I have these data points
data=[0 1
0.355257 0.726061
0.749002 0.382696
1 0
2.401699 -0.9817
3.049682 -1.49588
4.105308 -2.51708
3.419108 -2.79514
1.784289 -2.188
0.763907 -1.56124
0 -1];
I need to fit this implicit function to the data
f = @(x,y) abs(x)^a + abs(y)^b +c*x*y-1;
where a, b, c are the 3 positive parameters to be estimated.
Can anyone help me?

Best Answer

I'll just throw it into the curve fitting toolbox, although any tool would have sufficed for a first try. You should recognize that other tools, such as lsqnonlin from the optimization toolbox, nlinfit from stats TB, etc., would not require a major change to make them solve this too.
z = ones(11,1);
ft = fittype( @(a,b,c,x,y) abs(x).^a + abs(y).^b +c*x.*y, ...
'independent', {'x', 'y'},'dependent', 'z' );
mdl = fit(data,z,ft,'startpoint',[1 1 1])
General model:
mdl(x,y) = abs(x).^a+abs(y).^b+c*x.*y
Coefficients (with 95% confidence bounds):
a = 1.868 (1.805, 1.932)
b = 2.355 (2.27, 2.441)
c = 2.112 (1.944, 2.279)
mdl(data)
ans =
1
1.1598
1.2921
1
1.1184
0.97943
0.96971
1.0215
1.0299
0.94193
1
It seems to have worked reasonably. Note the CFT does not provide for bound constraints on the parameters. So if any of a,b,c were going negative, I would have needed to use another tool for the task, or been more creative in my use of fit.
One nice feature of the CFT is it tells me if the parameters are going near zero, in the case of parameters that are desired to bo NOT less than zero.
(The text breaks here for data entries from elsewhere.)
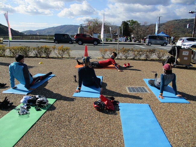 さくらであい館前広場では、サイクリスト向けストレッチ体験とマルシェも開催。
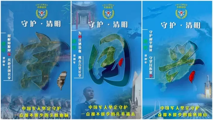 而就在今年清明節期間,東部戰區連續兩日發布追思海報以及國民黨空軍飛行員沈崇誨的漫畫故事,把台灣作為「宗」「國」「興」中的「一點」進行融合式呈現,突出表達中國「一點都不能少」的主權立場、 情感立場、歷史立場。
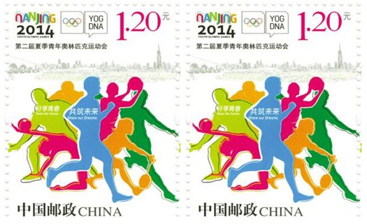 中国邮政定于8月16日发行1套1枚青奥会纪念邮票,面值为1.20元。邮票规格为30*40mm,共20枚。邮票图案主要表现了乒乓球、艺术体操、羽毛球、篮球、跑步等运动项目,通过活泼、轻快的用色,展现出青春与活力,同本届青奥会的主题“分享青春、共筑未来”相对应。邮票的背景为南京城的速写,包括明城墙和现代标志性建筑紫峰大厦等,色调润泽、淡雅,突出了“绿色南京”的城市理念。
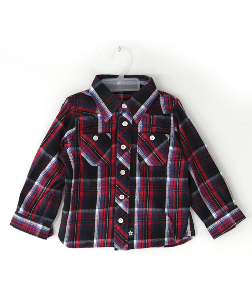 ☆FALL&WINTERカタログ掲載☆オリジナルチェック柄のネル素材シャツ。背中のアーチ型のプリントがインパンクト大。気持ちのよい起毛素材なのでトップスとして一枚でも、羽織ものとしても◎。
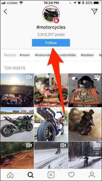 Miután kiválasztott egy hashtaget, megérintheti a tetején található kék „Követés” gombot.
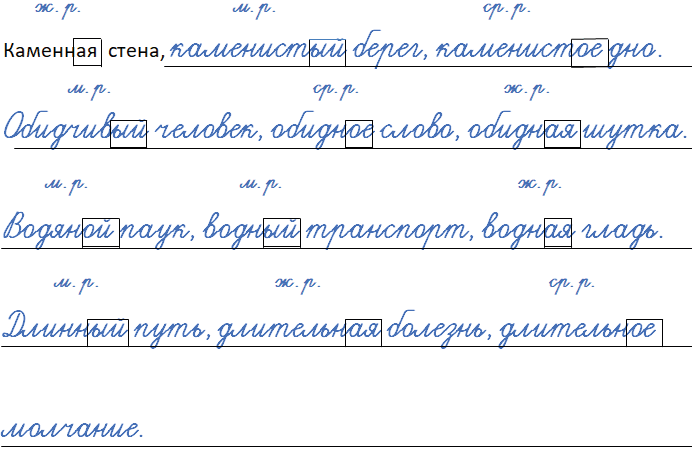 Каменный, каменистый (стена, берег, дно). Обидный, обидчивый (человек, слово, шутка). Водный, водяной (паук, транспорт, гладь). Длинный, длительный (путь, болезнь, молчание).
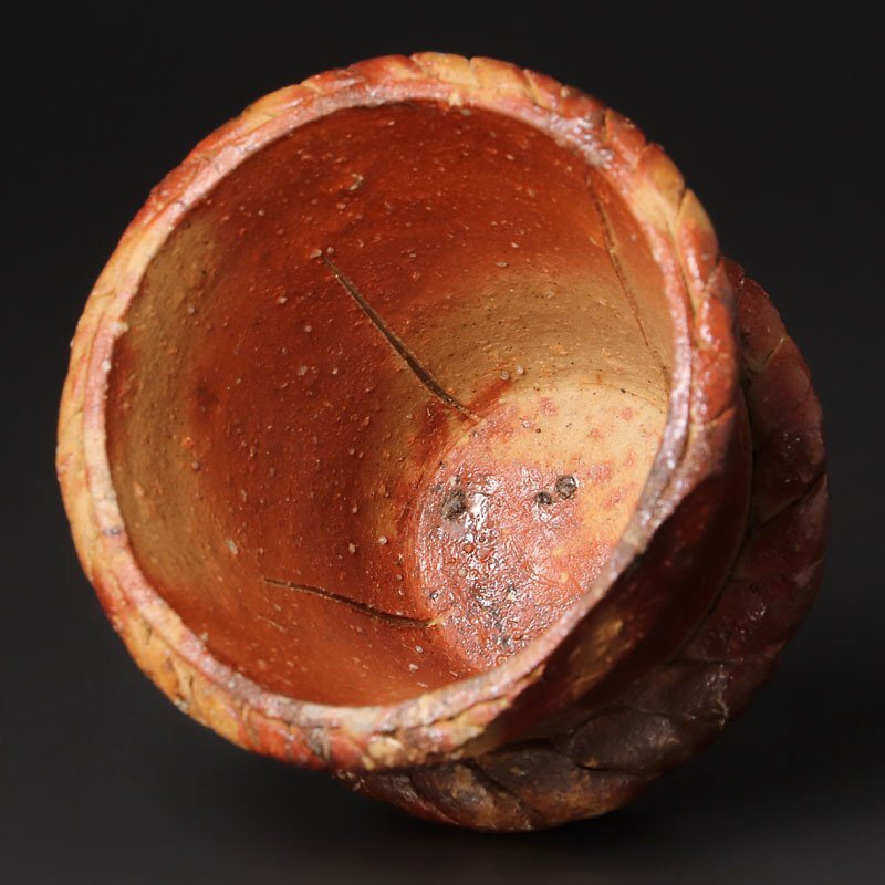 印象深い造形に揺らめくような焼きの色彩が美しいぐい呑です。
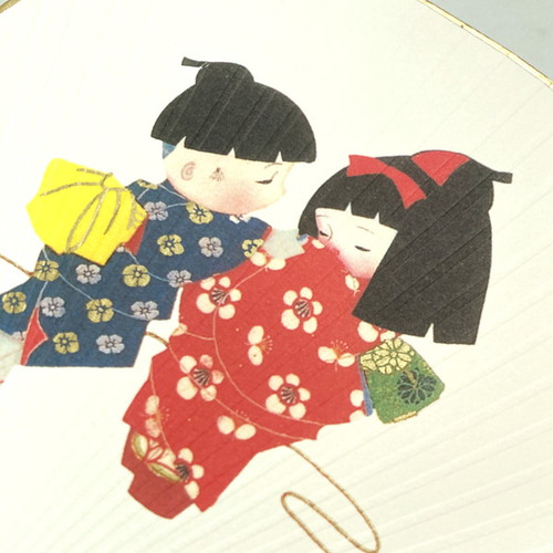 海外へのお土産にも最適な童柄のうちわ型カードです。定形封筒付き 金シルク印刷
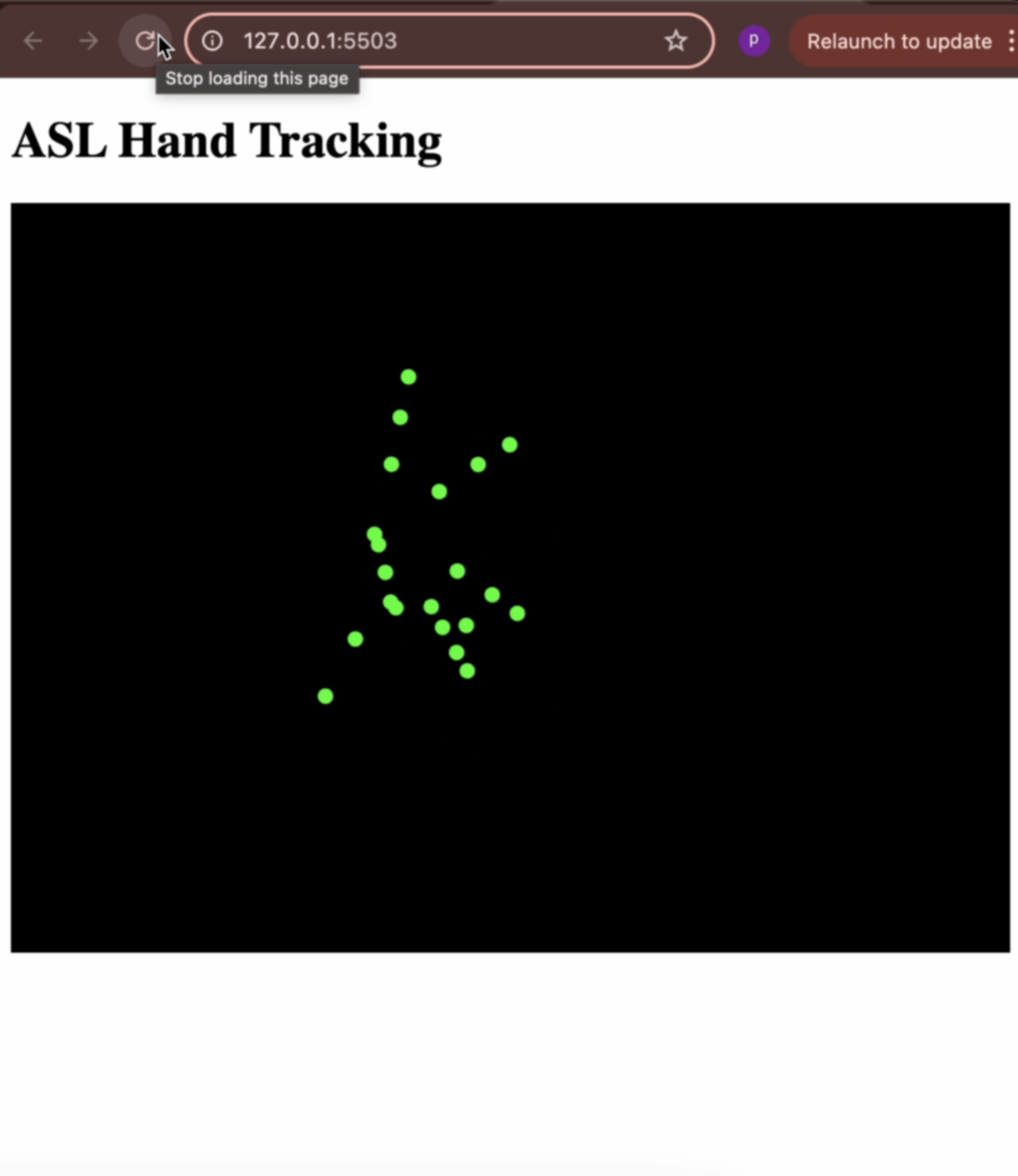 Once the backend was working, I shifted focus to the front-end interface. I used p5.js to receive the keypoint data from the WebSocket and draw it as green circles on the canvas. It was such a small visual gesture—21 dots appearing on screen wherever my hand moved—but something about it felt deeply rewarding. The fact that the circles moved when I moved my hand, and followed the same path as my physical gestures, turned the interface into a kind of mirror. I experimented with size, opacity, and layout to make it feel responsive but clean. This was the moment the system finally began to feel interactive, not just reactive.

Here, the confidence bounds provided by fit tell me that it would not be considering zero for any of them.
A problem with a fit like this, is it is not really what you probably want, in the sense that it would be nice if it were some sort of orthogonal fit, minimizing the an orthogonal distance of the points to the curve. As well, the fitting tool makes implicit assumptions about the "noise" structrue in the data, that are surely not valid in this case. Remember that z (the target here) was constant at 1. What noise? Don't got no steenkin' noise. Not in z at least.
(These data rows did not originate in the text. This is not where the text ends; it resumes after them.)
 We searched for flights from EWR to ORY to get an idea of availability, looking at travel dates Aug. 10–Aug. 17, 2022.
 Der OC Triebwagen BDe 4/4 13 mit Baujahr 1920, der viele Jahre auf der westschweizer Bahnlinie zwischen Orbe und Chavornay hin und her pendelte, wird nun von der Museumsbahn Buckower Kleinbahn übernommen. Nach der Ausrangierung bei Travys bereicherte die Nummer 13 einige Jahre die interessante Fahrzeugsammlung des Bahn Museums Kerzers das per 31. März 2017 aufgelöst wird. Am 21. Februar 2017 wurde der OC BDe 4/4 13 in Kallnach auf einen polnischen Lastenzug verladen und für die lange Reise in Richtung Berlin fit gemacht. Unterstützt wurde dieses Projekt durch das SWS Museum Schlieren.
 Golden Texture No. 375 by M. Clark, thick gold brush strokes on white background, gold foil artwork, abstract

So, really this is a variation of an errors in variables problem. And one thing you should know about errors in variables problems, is they can be nasty as hell to solve. As well, the result can have biases in the parameters, that there will be specific points that will have considerably more weight in your final result than others, and noise in your data (thus in x and in y) can do strange things.
Regardless, did it work?
syms X Y
fimplicit(abs(X).^mdl.a + abs(Y).^mdl.b + mdl.c*X.*Y - 1)
hold on
grid on
plot(x,y,'ro')
Could be better, could be worse. As I said though, true orthogonal fits are way more difficult to implement than the simple thing I did here.